The dissimilarity between $x_i$ and $x_j$ can be calculated using the following formula  
$\hspace{7em} d_{ij}^2 = \frac{||x_i-x_j||^2}{2\sigma_i^2}$, where $\sigma_i$ generally calculated through a binary search by equating the entropy of the distribution centered at $x_i$ to perplexity which is chosen by hand. This method generates a probability matrix which is asymmetric.



Next, SNE does the same calculation for every $Y_i$ and $Y_j$ in the lower dimension with gaussian probability distribution with $\sigma = 0.5$  
$\hspace{7em} q_{ij} = \frac{\exp(-||y_i-y_j||^2)}{\Sigma_k \exp(-||y_k-y_i||^2)}$  
Now, SNE tries to minimize the difference between these two distributions. We can calculate the difference between two distributions using Kullback-Liebler divergence. For two discrete distirbution $P$ and $Q$ KL divergence is given by  
$\hspace{7em} D_{KL}(P||Q) = \Sigma_i P_{i}\frac{P_{i}}{Q_{i}}$.   
SNE defines a cost function based of the difference between $p_{ij}$ and $q_{ij}$ which is given by  
$\hspace{7em} C = \Sigma_i\Sigma_j P_{ij}log(\frac{P_{ij}}{q_{ij}})$  
While embedding the dataset in lower dimension, two kinds of error can occur, first neighbors are mapped as faraway points($p_{ij}$ is large and  $q_{ij}$ is small) and points which are far away mapped as neighbors( $p_{ij}$ is small while $q_{ij}$ is large). Look closely at the cost function, the cost of the first kind of error i.e. mapping large $P_{ij}$ with small $q_{ij}$ is smaller than the cost while mapping small $p_{ij}$ as  large $q_{ij}$. The gradient to optimize the cost function is given by  
$\hspace{7em} \frac{\delta C}{\delta Y} = 2\Sigma_i (P_{ij}-q_{ij}+P_{ji}-q_{ji})(y_i - y_j)$


Some of the shorcomings of SNE approach are asymmetric probability matrix $P$, crowding problem. As pointed out earlier the probability matrix $P$ is asymmetric. Suppose a point $X_i$ is far away from other points, it's $P_{ij}$ will be very small for all $j$. So, It will have little effect on the cost function and embedding it correctly in the lower dimension will be hard. 
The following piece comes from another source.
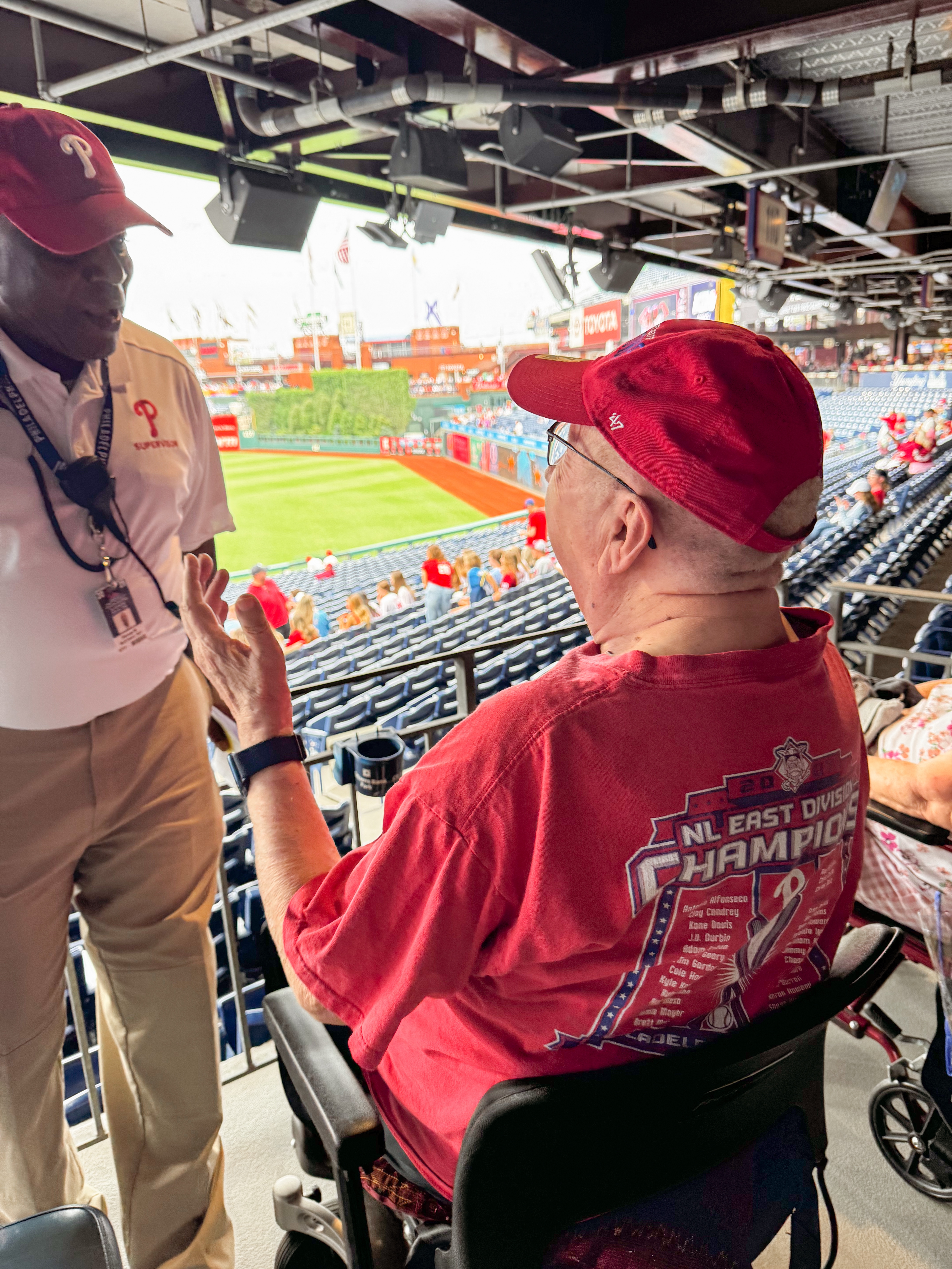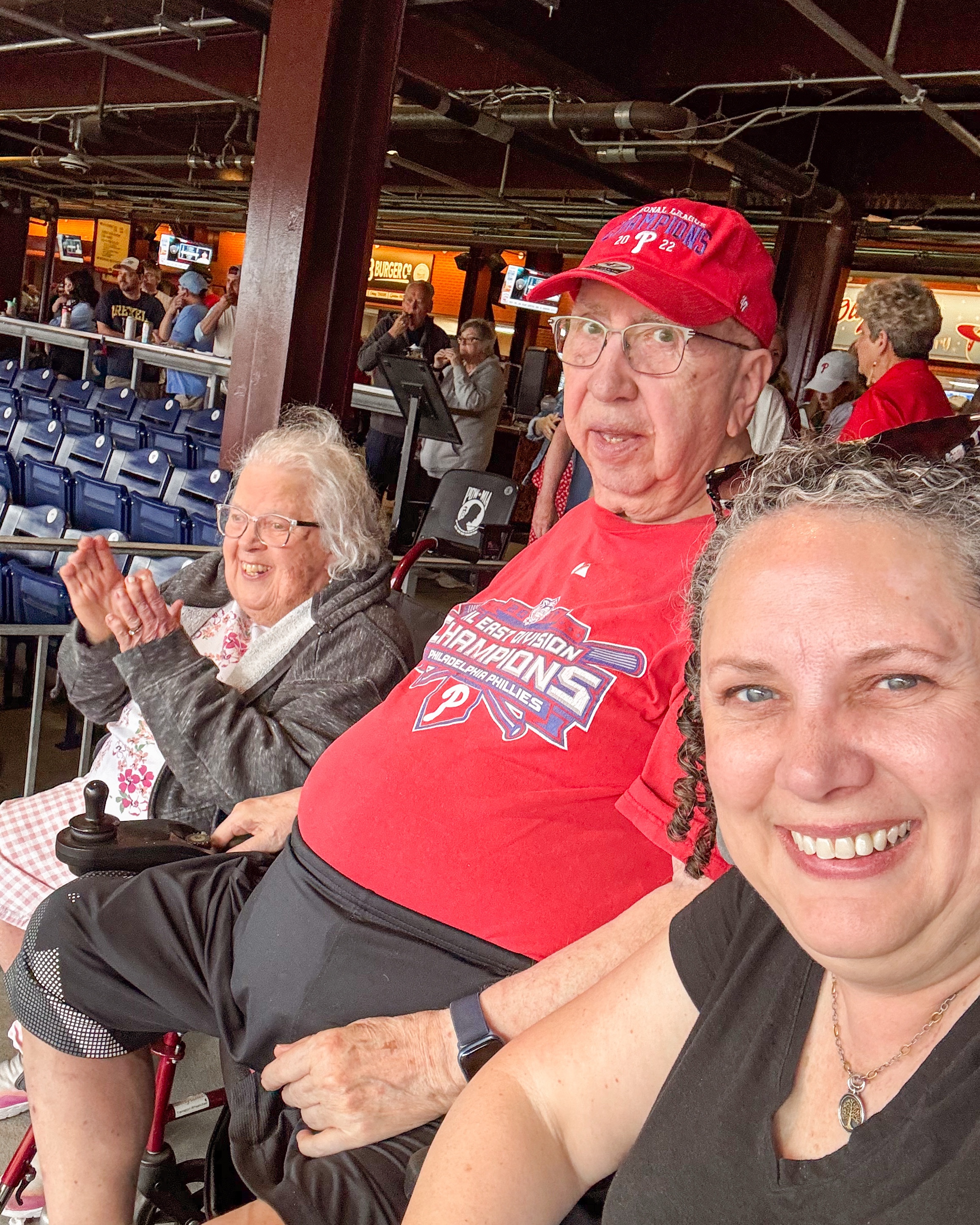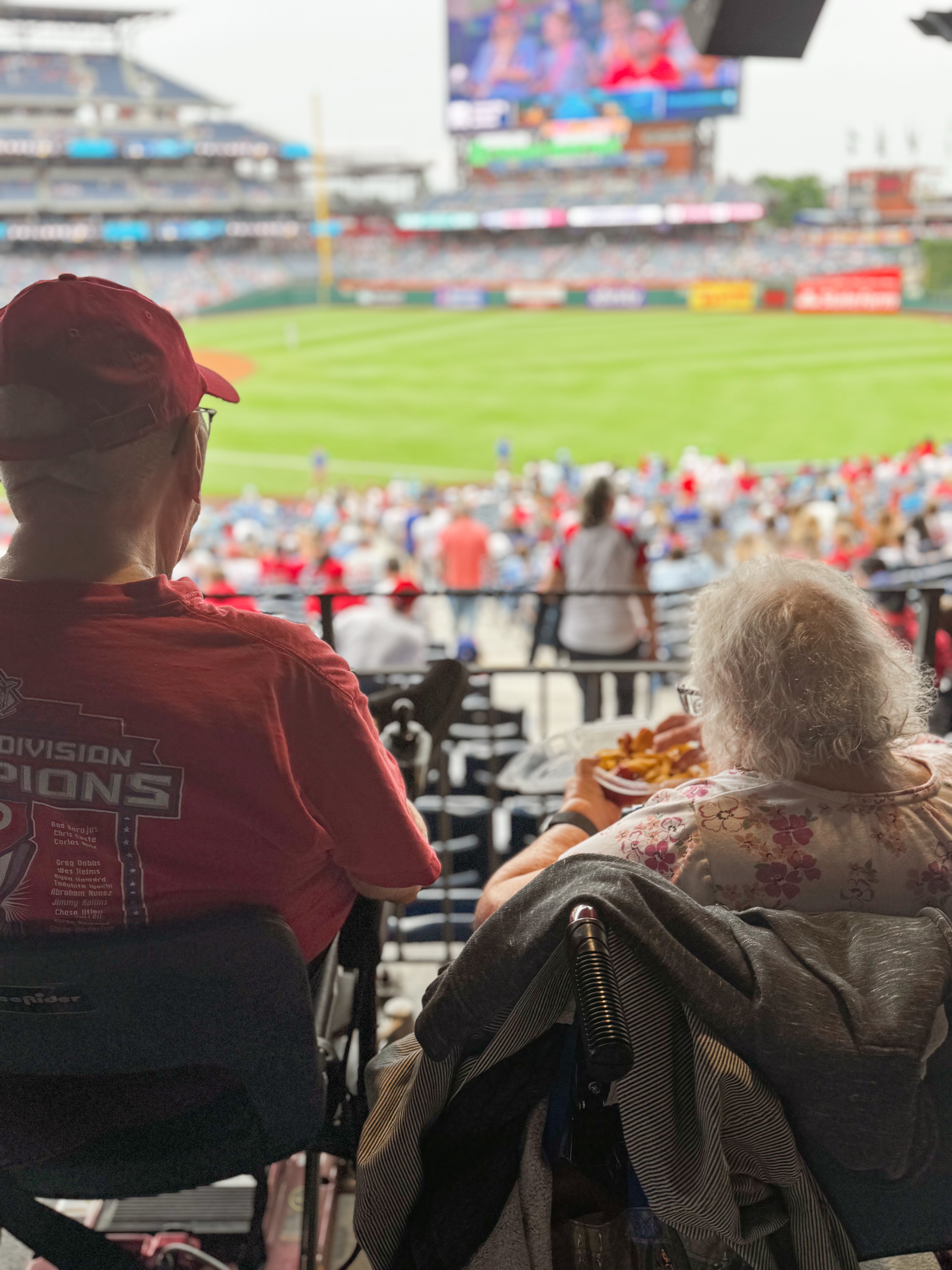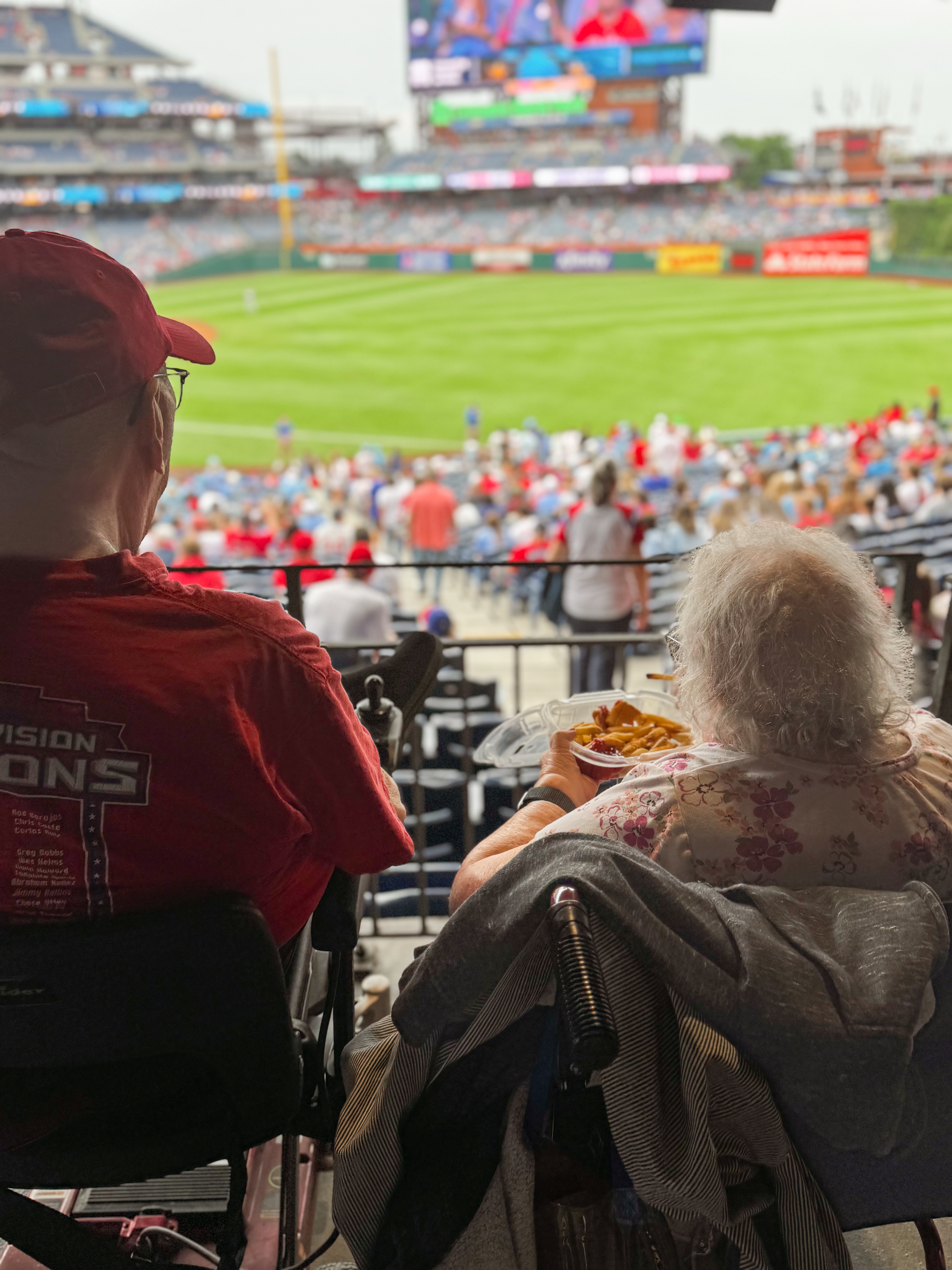 I have gotten things down when traveling with my parents and know their limitations. However, I have never traveled to a sporting event with them before, which presented a unique set of challenges. So, I had to carefully think through the logistics of getting them to their seats easily while ensuring they were comfortable throughout the experience. After thoroughly looking at the map of Citizens Bank Park and considering various parking options, I decided to park in lot P. It is both handicap and preferred parking, which was perfect for our situation. My parents are mobile, but long walks with lots of people bustling around is not ideal for them. My dad has an electric scooter, which significantly eased the burden of travel, so we utilized that. Additionally, we were fortunate to borrow a wheelchair for my mom from one of their neighbors, ensuring she could navigate the venue with ease. Both modes of transport turned out to be perfect solutions for our needs. We approached the entrance across from the parking lot, allowing us to avoid any unnecessary fatigue. Once inside, we were able to go straight to our seats without any hassles, which contributed to a much more enjoyable experience. The staff in the area to help us were amazingly attentive and helpful during the game, offering assistance whenever needed, which made the game even more pleasant. They went above and beyond in ensuring my parents felt welcomed and supported, which truly made this outing memorable for all of us.

Any n-dimensional euclidean space can have an object with n+1 or less equidistant vertices not more than that. Now, when the intrinsic dimension of a dataset is high say 20, and we are reducing it's dimensions from 100 to 2 or 3 our solution will be affected by crowding problem. The amount of space availble to map close points in 10 or 15 dimension will always be greater than the space availble in 2 or 3 dimensions. In order to map close points properly, moderately distant points will be pushed too far. This will eat the gaps in original clusters and it will look like single giant cluster. 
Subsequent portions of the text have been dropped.